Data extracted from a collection
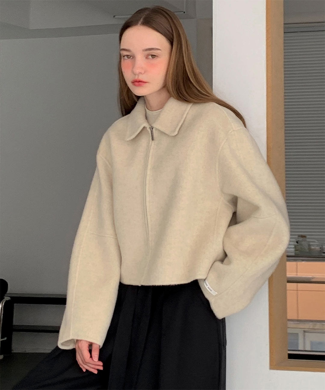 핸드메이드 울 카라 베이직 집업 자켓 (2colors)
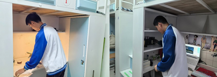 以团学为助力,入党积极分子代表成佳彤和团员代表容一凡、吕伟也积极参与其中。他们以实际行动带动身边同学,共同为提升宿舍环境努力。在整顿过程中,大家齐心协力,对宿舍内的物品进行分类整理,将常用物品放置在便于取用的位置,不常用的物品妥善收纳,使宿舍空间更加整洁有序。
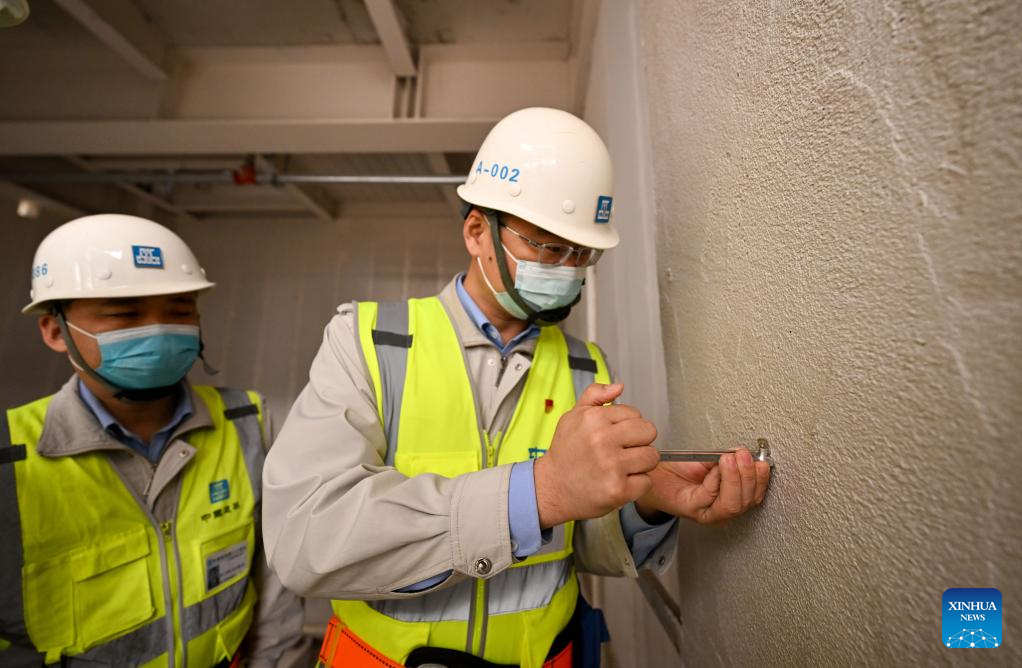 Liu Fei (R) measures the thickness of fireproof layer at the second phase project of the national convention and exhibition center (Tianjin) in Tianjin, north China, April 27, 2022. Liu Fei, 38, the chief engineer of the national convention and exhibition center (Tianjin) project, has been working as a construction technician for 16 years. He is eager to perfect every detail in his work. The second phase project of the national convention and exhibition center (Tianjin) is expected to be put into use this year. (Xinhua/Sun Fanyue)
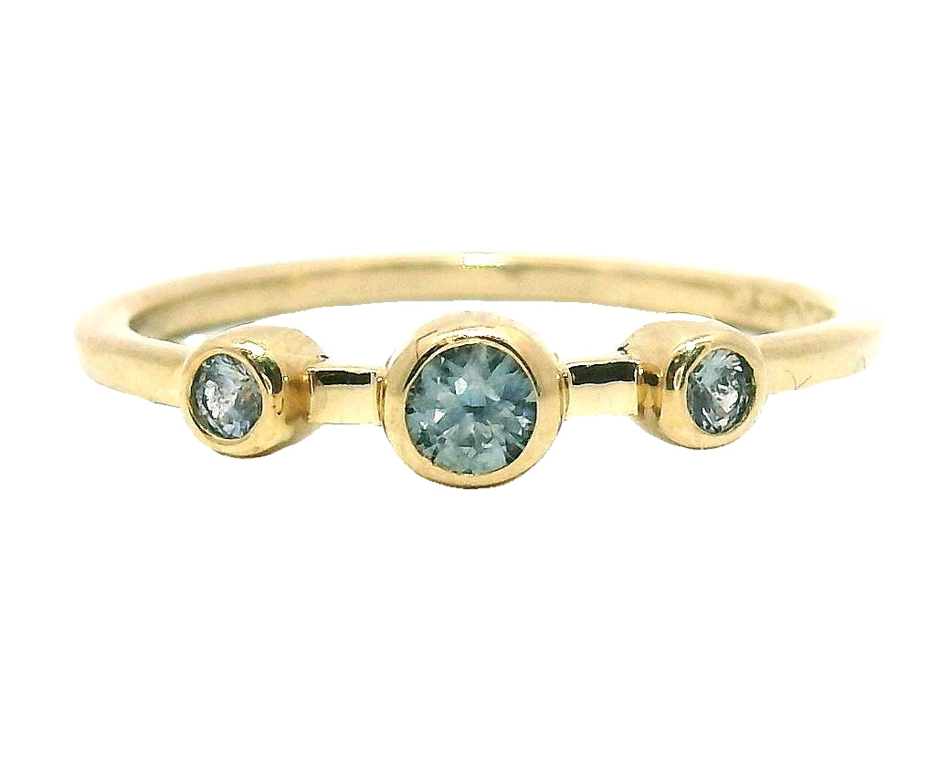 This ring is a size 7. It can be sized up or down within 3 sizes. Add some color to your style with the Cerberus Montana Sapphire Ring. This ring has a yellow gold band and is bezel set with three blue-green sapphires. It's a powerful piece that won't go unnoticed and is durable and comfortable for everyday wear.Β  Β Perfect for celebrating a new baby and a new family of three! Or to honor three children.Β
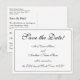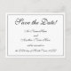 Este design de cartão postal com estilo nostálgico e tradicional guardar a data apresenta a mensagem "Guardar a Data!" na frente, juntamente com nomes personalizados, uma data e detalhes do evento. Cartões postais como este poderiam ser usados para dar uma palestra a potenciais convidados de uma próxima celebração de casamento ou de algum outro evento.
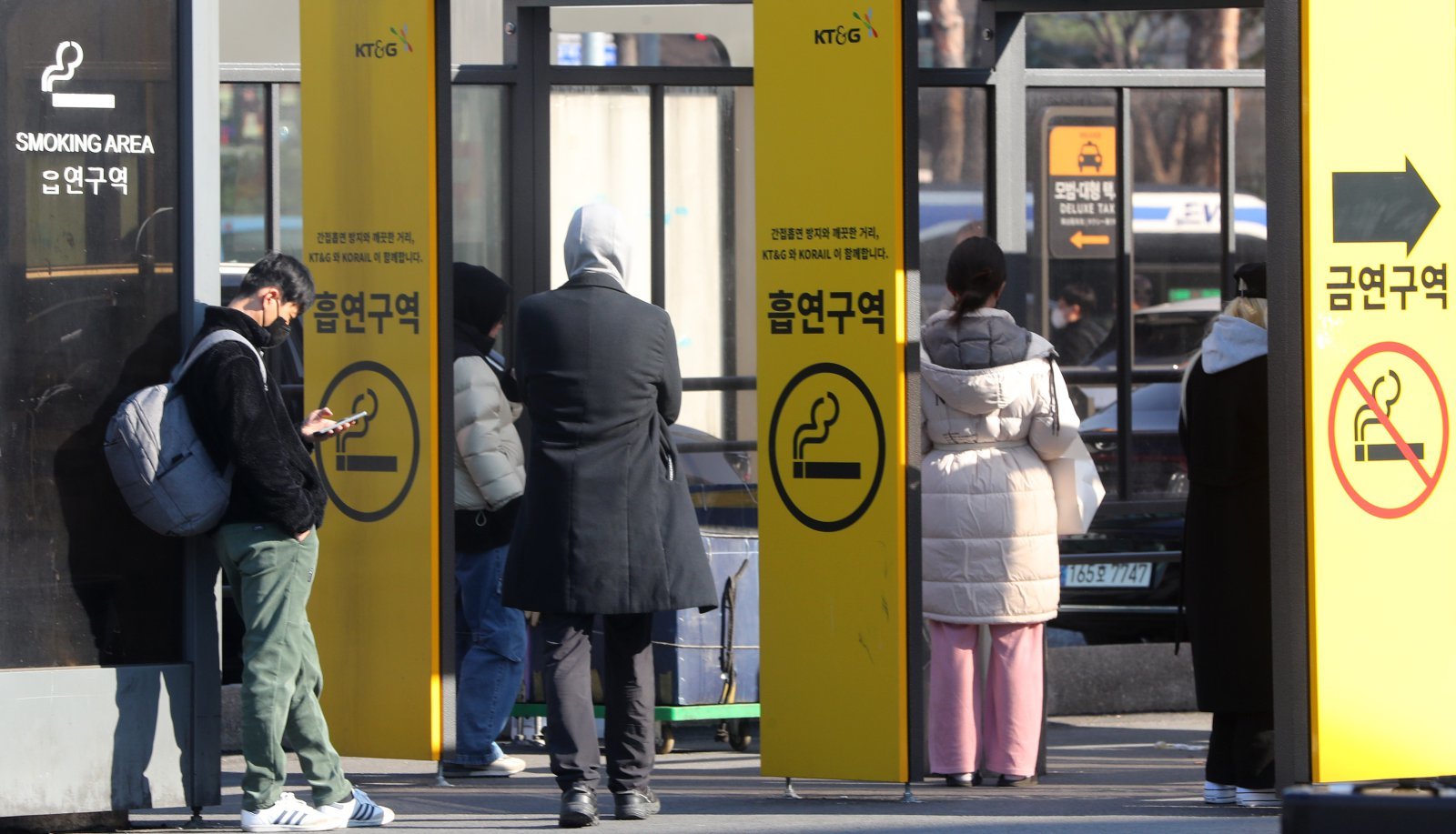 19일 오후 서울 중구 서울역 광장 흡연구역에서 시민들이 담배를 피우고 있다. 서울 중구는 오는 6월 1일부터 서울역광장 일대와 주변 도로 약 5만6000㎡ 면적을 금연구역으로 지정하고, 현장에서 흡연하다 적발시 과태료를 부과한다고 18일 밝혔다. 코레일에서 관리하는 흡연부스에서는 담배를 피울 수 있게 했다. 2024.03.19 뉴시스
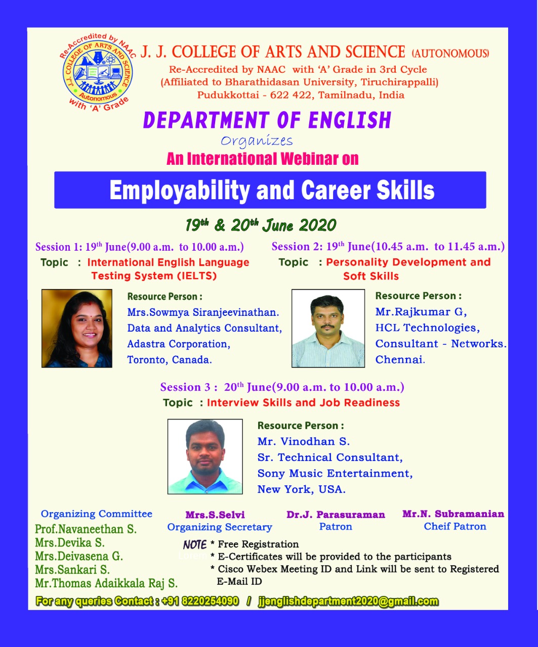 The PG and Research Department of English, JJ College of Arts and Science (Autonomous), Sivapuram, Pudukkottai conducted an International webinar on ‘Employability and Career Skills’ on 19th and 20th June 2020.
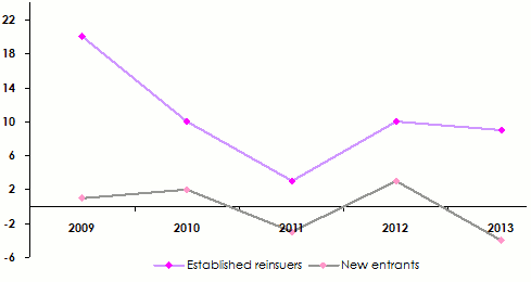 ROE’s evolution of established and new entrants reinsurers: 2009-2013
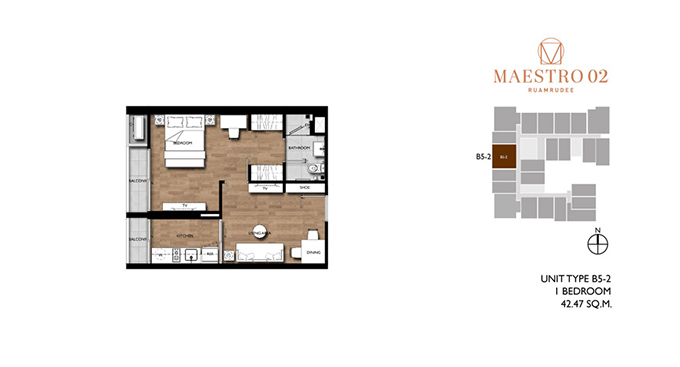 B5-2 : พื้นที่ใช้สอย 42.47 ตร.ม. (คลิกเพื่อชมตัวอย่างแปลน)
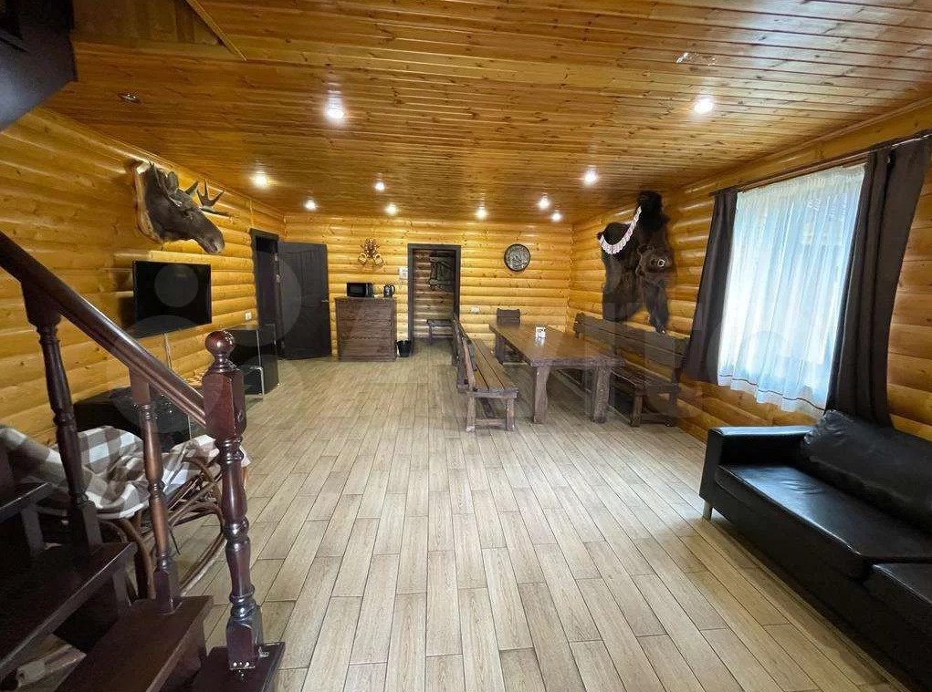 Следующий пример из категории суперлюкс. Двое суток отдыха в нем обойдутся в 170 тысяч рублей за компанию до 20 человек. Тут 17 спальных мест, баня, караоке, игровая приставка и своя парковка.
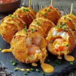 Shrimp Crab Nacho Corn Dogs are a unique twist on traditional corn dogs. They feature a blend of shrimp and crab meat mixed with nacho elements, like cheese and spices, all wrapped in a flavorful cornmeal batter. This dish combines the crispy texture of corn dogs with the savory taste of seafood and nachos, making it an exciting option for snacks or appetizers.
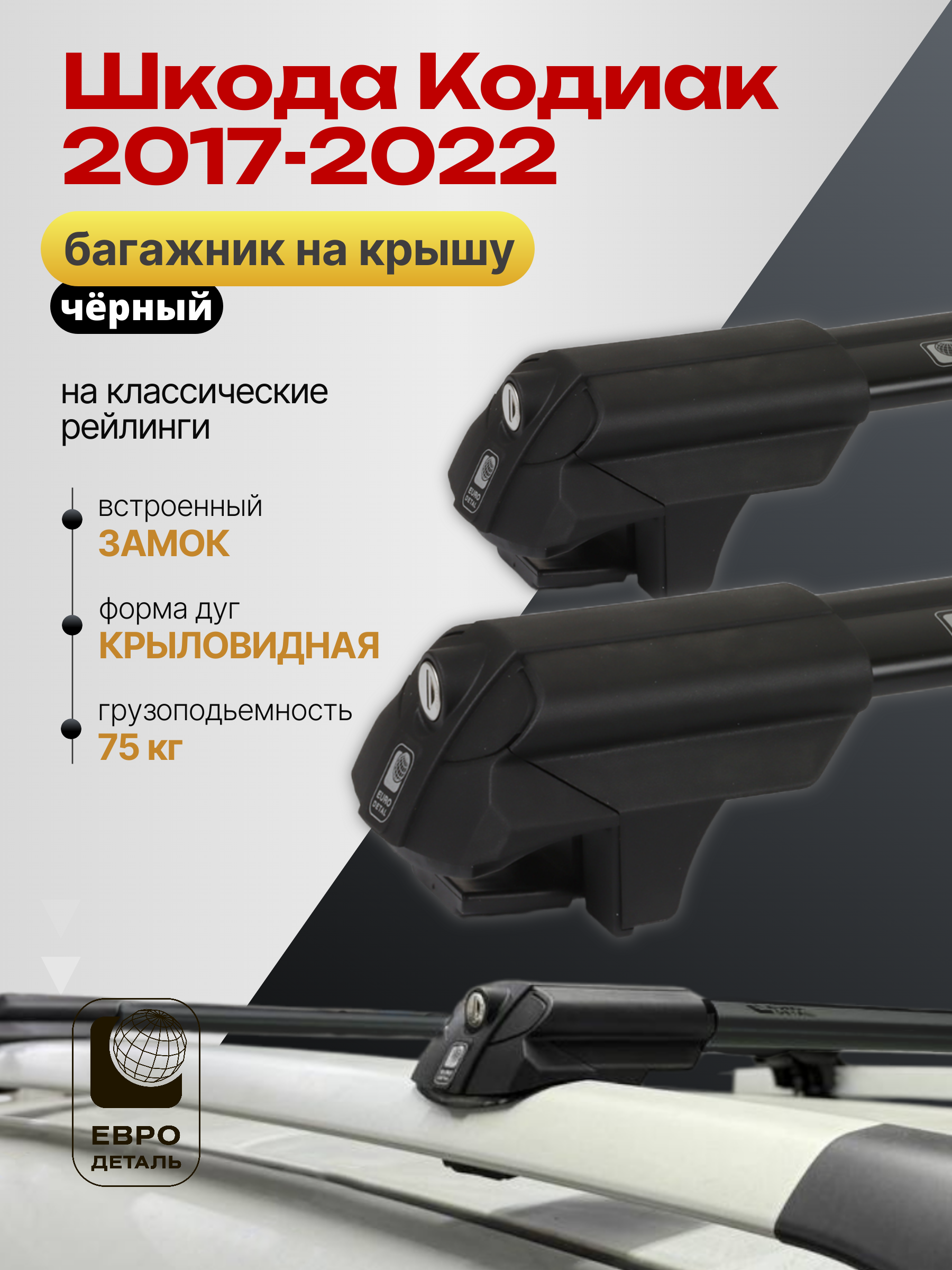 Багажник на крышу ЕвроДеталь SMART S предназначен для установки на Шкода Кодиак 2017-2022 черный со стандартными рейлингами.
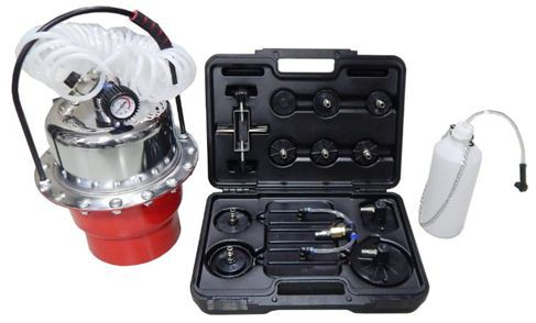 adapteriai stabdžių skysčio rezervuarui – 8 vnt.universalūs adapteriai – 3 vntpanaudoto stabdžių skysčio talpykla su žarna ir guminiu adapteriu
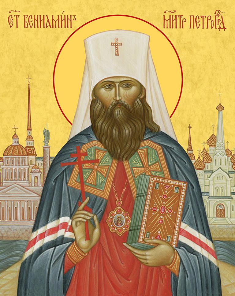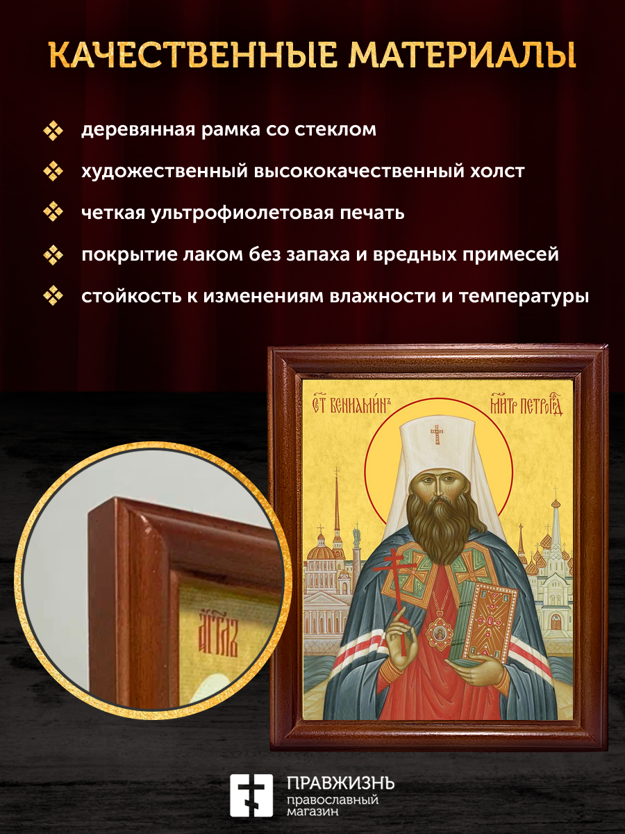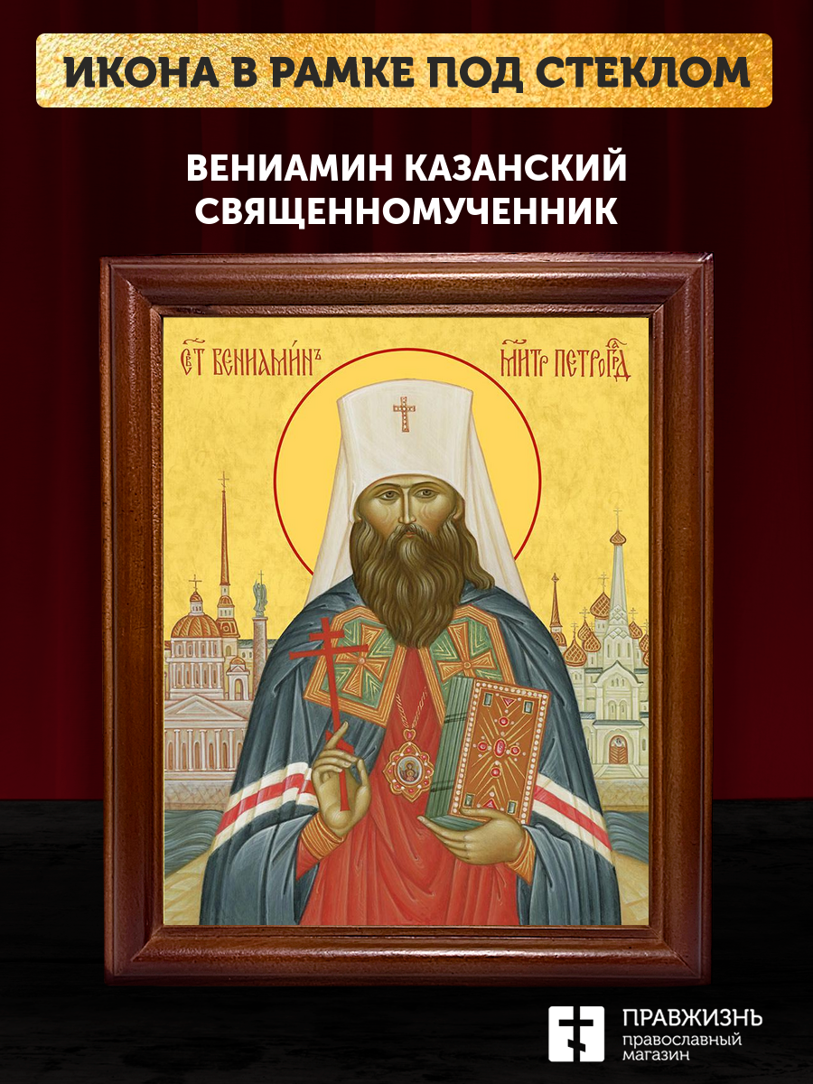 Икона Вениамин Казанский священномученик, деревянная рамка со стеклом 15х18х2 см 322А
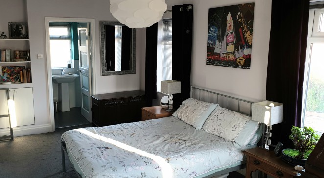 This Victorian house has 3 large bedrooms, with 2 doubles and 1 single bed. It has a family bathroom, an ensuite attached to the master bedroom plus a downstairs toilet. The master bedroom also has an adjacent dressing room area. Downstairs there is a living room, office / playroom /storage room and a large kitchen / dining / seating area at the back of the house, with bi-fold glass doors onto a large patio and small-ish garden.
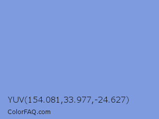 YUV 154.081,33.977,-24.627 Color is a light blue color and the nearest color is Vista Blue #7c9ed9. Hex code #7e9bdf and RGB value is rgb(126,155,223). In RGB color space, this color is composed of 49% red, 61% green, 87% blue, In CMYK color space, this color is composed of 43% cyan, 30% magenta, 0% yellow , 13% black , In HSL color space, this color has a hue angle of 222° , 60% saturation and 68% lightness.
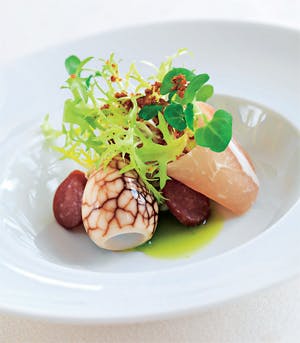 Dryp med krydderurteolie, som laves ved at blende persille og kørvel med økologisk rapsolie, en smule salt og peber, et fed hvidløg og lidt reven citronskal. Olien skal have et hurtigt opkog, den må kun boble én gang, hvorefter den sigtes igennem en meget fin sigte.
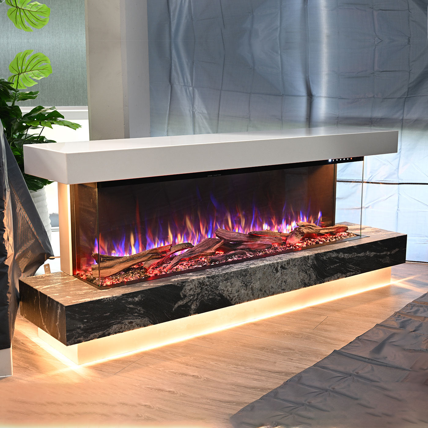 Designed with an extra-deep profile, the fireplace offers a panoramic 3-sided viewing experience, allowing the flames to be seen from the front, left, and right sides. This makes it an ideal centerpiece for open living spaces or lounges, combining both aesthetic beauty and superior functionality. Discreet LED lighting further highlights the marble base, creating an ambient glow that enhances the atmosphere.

What this task involves
Reproduce the data above word for word, but leave the images out.

Answer section
 핸드메이드 울 카라 베이직 집업 자켓 (2colors)
 以团学为助力,入党积极分子代表成佳彤和团员代表容一凡、吕伟也积极参与其中。他们以实际行动带动身边同学,共同为提升宿舍环境努力。在整顿过程中,大家齐心协力,对宿舍内的物品进行分类整理,将常用物品放置在便于取用的位置,不常用的物品妥善收纳,使宿舍空间更加整洁有序。
 Liu Fei (R) measures the thickness of fireproof layer at the second phase project of the national convention and exhibition center (Tianjin) in Tianjin, north China, April 27, 2022. Liu Fei, 38, the chief engineer of the national convention and exhibition center (Tianjin) project, has been working as a construction technician for 16 years. He is eager to perfect every detail in his work. The second phase project of the national convention and exhibition center (Tianjin) is expected to be put into use this year. (Xinhua/Sun Fanyue)
 This ring is a size 7. It can be sized up or down within 3 sizes. Add some color to your style with the Cerberus Montana Sapphire Ring. This ring has a yellow gold band and is bezel set with three blue-green sapphires. It's a powerful piece that won't go unnoticed and is durable and comfortable for everyday wear.Β  Β Perfect for celebrating a new baby and a new family of three! Or to honor three children.Β
 Este design de cartão postal com estilo nostálgico e tradicional guardar a data apresenta a mensagem "Guardar a Data!" na frente, juntamente com nomes personalizados, uma data e detalhes do evento. Cartões postais como este poderiam ser usados para dar uma palestra a potenciais convidados de uma próxima celebração de casamento ou de algum outro evento.
 19일 오후 서울 중구 서울역 광장 흡연구역에서 시민들이 담배를 피우고 있다. 서울 중구는 오는 6월 1일부터 서울역광장 일대와 주변 도로 약 5만6000㎡ 면적을 금연구역으로 지정하고, 현장에서 흡연하다 적발시 과태료를 부과한다고 18일 밝혔다. 코레일에서 관리하는 흡연부스에서는 담배를 피울 수 있게 했다. 2024.03.19 뉴시스
 The PG and Research Department of English, JJ College of Arts and Science (Autonomous), Sivapuram, Pudukkottai conducted an International webinar on ‘Employability and Career Skills’ on 19th and 20th June 2020.
 ROE’s evolution of established and new entrants reinsurers: 2009-2013
 B5-2 : พื้นที่ใช้สอย 42.47 ตร.ม. (คลิกเพื่อชมตัวอย่างแปลน)
 Следующий пример из категории суперлюкс. Двое суток отдыха в нем обойдутся в 170 тысяч рублей за компанию до 20 человек. Тут 17 спальных мест, баня, караоке, игровая приставка и своя парковка.
 Shrimp Crab Nacho Corn Dogs are a unique twist on traditional corn dogs. They feature a blend of shrimp and crab meat mixed with nacho elements, like cheese and spices, all wrapped in a flavorful cornmeal batter. This dish combines the crispy texture of corn dogs with the savory taste of seafood and nachos, making it an exciting option for snacks or appetizers.
 Багажник на крышу ЕвроДеталь SMART S предназначен для установки на Шкода Кодиак 2017-2022 черный со стандартными рейлингами.
 adapteriai stabdžių skysčio rezervuarui – 8 vnt.universalūs adapteriai – 3 vntpanaudoto stabdžių skysčio talpykla su žarna ir guminiu adapteriu
 Икона Вениамин Казанский священномученик, деревянная рамка со стеклом 15х18х2 см 322А
 This Victorian house has 3 large bedrooms, with 2 doubles and 1 single bed. It has a family bathroom, an ensuite attached to the master bedroom plus a downstairs toilet. The master bedroom also has an adjacent dressing room area. Downstairs there is a living room, office / playroom /storage room and a large kitchen / dining / seating area at the back of the house, with bi-fold glass doors onto a large patio and small-ish garden.
 YUV 154.081,33.977,-24.627 Color is a light blue color and the nearest color is Vista Blue #7c9ed9. Hex code #7e9bdf and RGB value is rgb(126,155,223). In RGB color space, this color is composed of 49% red, 61% green, 87% blue, In CMYK color space, this color is composed of 43% cyan, 30% magenta, 0% yellow , 13% black , In HSL color space, this color has a hue angle of 222° , 60% saturation and 68% lightness.
 Dryp med krydderurteolie, som laves ved at blende persille og kørvel med økologisk rapsolie, en smule salt og peber, et fed hvidløg og lidt reven citronskal. Olien skal have et hurtigt opkog, den må kun boble én gang, hvorefter den sigtes igennem en meget fin sigte.
 Designed with an extra-deep profile, the fireplace offers a panoramic 3-sided viewing experience, allowing the flames to be seen from the front, left, and right sides. This makes it an ideal centerpiece for open living spaces or lounges, combining both aesthetic beauty and superior functionality. Discreet LED lighting further highlights the marble base, creating an ambient glow that enhances the atmosphere.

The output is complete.